• Histologic confirmation of ACC (primary or metastatic tumor). Central review not required but local pathology review required (at Johns Hopkins or Stanford).

• Patients must have recurrent or metastatic ACC with measurable disease per RECIST 1.1, not amenable to definitive surgery or radiotherapy.

• Patients must have at least 1 lesion positive on PSMA-PET, as defined by standard uptake value (SUV) ratio of tumor to liver greater than one.

• Patient can have any or no prior systemic therapies.

• At least 28 days must have elapsed between last anti-cancer treatment administration and the initiation of study treatment, or at least 5 half-lives of the prior systemic therapy must have elapsed (whichever is shorter).

• Patient must have resolution of all previous treatment related toxicities to CTCAE version 5.0 grade of ≤ 2.

• Patient must be ≥ 18 years of age.

• Patient must have an Eastern Cooperative Oncology Group (ECOG) performance status ≤ 2.

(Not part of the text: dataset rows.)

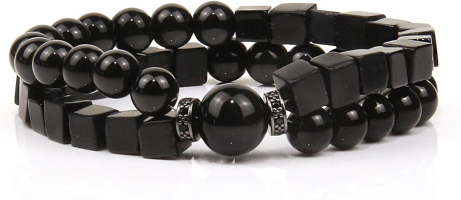 Beaded Bracelets for Men - Inspirational Bracelets - Handmade Natural Stone Stretch Bead Bracelet Men Fathers Day Thanksgiving Christmas Birthday Gifts for Men
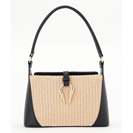 ■デザイン・フェイクラフィア×フェイクレザーのコンビ素材・夏らしさがありつつ、カジュアルになりすぎないきれいめデザイン・口開きが良く、物の出し入れがしやすい仕様・中身が見えにくく、安心感のある設計・正面のモチーフ金具がアクセントに
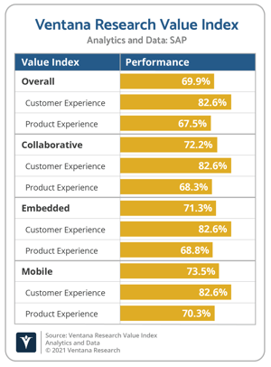 In all of our Value Indexes, we utilize a structured research methodology that includes evaluation categories designed to reflect real-world criteria incorporated in a request for proposal and vendor selection process for analytics and business intelligence. We evaluated SAP and 17 other vendors in seven categories: five relevant to the product and experience – Adaptability, Capability, Manageability, Reliability and Usability – and two related to the customer experience – Total Cost of Ownership/Return on Investment and Vendor Validation. To arrive at the Value Index rating for a given vendor, we weighted each category to reflect its relative importance in an RFP process, with the weightings based on our experience and on data derived from our Benchmark Research on Analytics and Business Intelligence. SAP performance rating in the Value Index is overall at 69.9% and for customer experience is 82.6% and product experience is 67.5%.

⁃ For female patients with childbearing potential or male patients with partners of childbearing potential, agreement to use barrier contraceptive method (condom) and to continue its use for 6 months from receiving the last dose of 177Lu-PSMA. Female patients with childbearing potential will undergo a urine pregnancy test. Pregnant female participants are excluded.

• Patient must have the ability to understand and the willingness to sign a written informed consent document.